I really liked the twists this book was taking with explaining the ‘terraformed’ planet. From where the book ends to where it begins, you’re in a completely different place. The variation of settings kept the book moving, and provided progress for Tarver and Lilac’s journey.
I wasn’t completely convinced with the supernatural elements of the book, although the plot twist completely changed the story for me, and set it on a more enjoyable path. I thought for a book of nearly 400 pages, not a lot of the world is explained. There’s limited world building, and although both characters have backstories, they’re not delved into much in the course of the story. How did Lilac get her reputation? How did Tarver earn his prestige? I don’t know, and that let the book down for me.
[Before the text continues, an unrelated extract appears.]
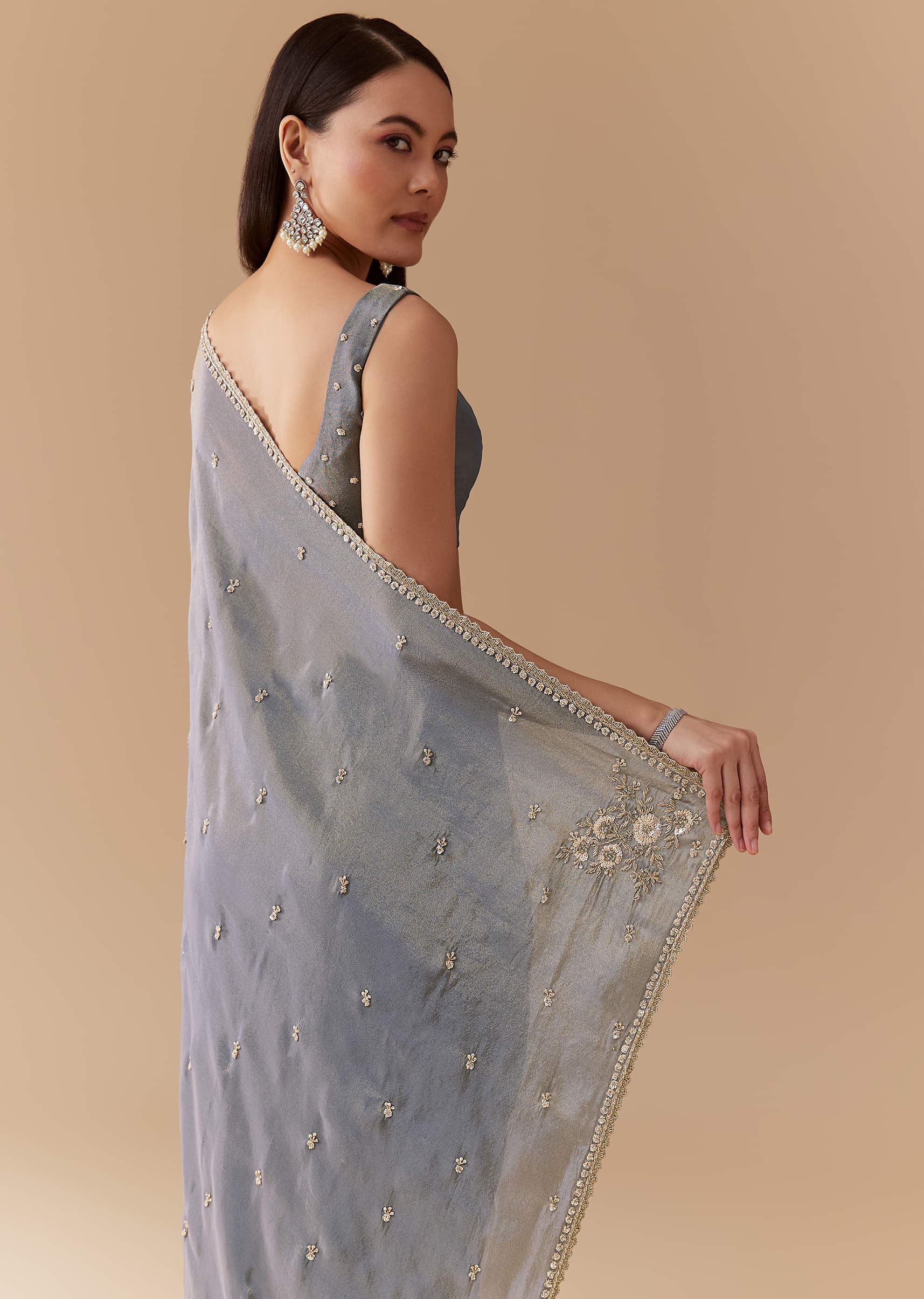 Grey Tissue Cutdana Embroidered Saree with Unstitched Blouse

Because the next book in the series isn’t about Tarver and Lilac, I wonder if I’ll ever get the information I seek. I know there’s a sort-of-prequel novella, which I plan to read soon, in hope of some answers, but generally I wasn’t satisfied. I will continue with the series, though I’m skeptical of the blurb that reads ‘a new pair of star-crossed lovers’. Surely, it would be better to write something new? Overall, I give ‘These Broken Stars’ 2.5 stars. A perfectly average book, where the good bits try to balance out the bits I didn’t like. Moral of the story? Beautiful covers don’t necessarily mean beautiful books.